Many, many years ago, I came across a sentence in a teach yourself (though not a Teach Yourself, I seem to recall) book for either French or Italian, I don’t remember which, that went as follows: “The dining-car attendant has been struck by lightning.” A suitable candidate for treatment (both the dining-car attendant and the sentence)?

3 Likes

“The pen of my Uncle is on the table of my aunt.”??? I could never understand why she had her own table!! I suspect my age is clear from this.
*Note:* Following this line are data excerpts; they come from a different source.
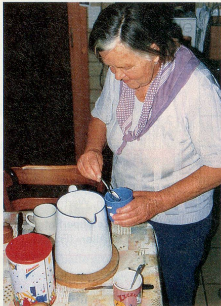
Bereitet für «ihre» Bergbauernfamilie das Frühstück vor: Seniorin im Sozialeinsatz.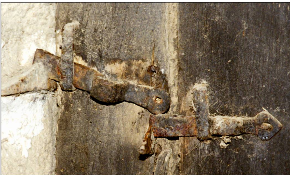
Fig. 3.7. Loquets (vantaill et volet supérieurs)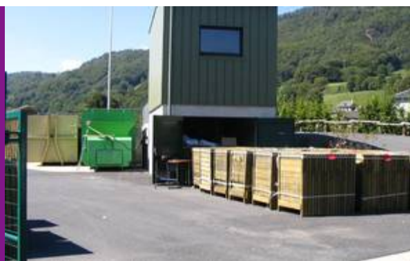
Les composteurs stockés

* Nous vous rappelons que lors de l'achat d'appareils électriques neufs (électroménagers, informatique, téléviseurs, ...) le revendeur a l'obligation de vous reprendre votre ancien appareil. En effet, le coût du nouvel équipement comprend une éco-taxé pour financer le traitement de ces vieux équipements...alors pourquoi payer deux fois ?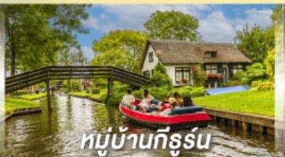
หมู่บ้านทีร์รูน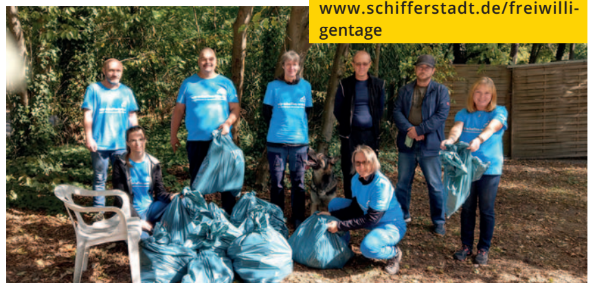
Erfolgreiche Müllsammel-Aktion des Vereins der Hundefreunde im Jahr 2020: zehn Säcke voller Glascherben und Plastik kamen zusammen.

stadtmarketing@schifferstadt.de Tel. 06235 - 44129 www.schifferstadt.de/freiwilligentage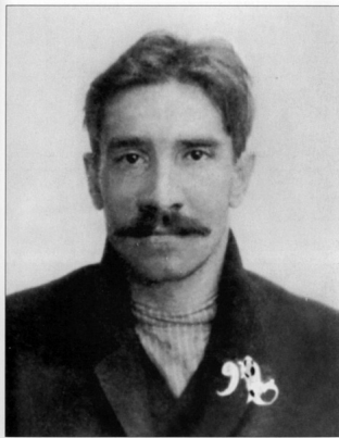
А.С. Гриневский. Петербург. 8 января 1906 г. Полицейская карточка. Государственный архив Российской Федерации (Москва). Самая ранняя из известных фотографий писателя.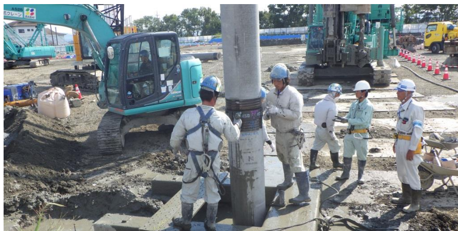
(7) 杭打設 [杭接続]

先行ボーリング箇所に、大型クレーンで、杭を入れています。 杭は1ヶ所当たり、4本の杭を繋ぎ、深度は41m。また、杭の直径は、 \phi 450 ～ \phi 1000 です。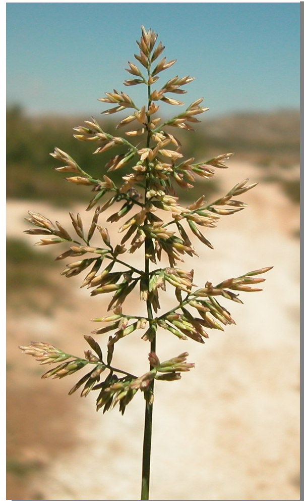
P. rupestris . Inflorescencia

I doubt kids now learn French from that book!!

2 Likes

I do henddraig although it always seemed to be my aunties pen that was on the table - la plume de ma tante est … Eddie Izzard did a great send up of this and his famous rendition of: le singe est dans l’arbre.

I think it was this way of learning French that inspired the early versions of Cymraeg Byw in the 70s and 80s. I had to learn Welsh like that and I didn’t like it, because I didn’t believe it was Welsh - no-one I knew who spoke welsh, spoke it in a Cymraeg Byw fashion.

1 Like

Oh! You are right!! My memory glitched!! Later I went to a school where they taught Latin through the stories of a little Roman boy!! I forget everything about him, but then my Latin was terrible. I literally learned Caesar’s Gallic Wars in both languages and produced the ‘translation’ like a parrot. Got my O=level with the pass ,mark (just!).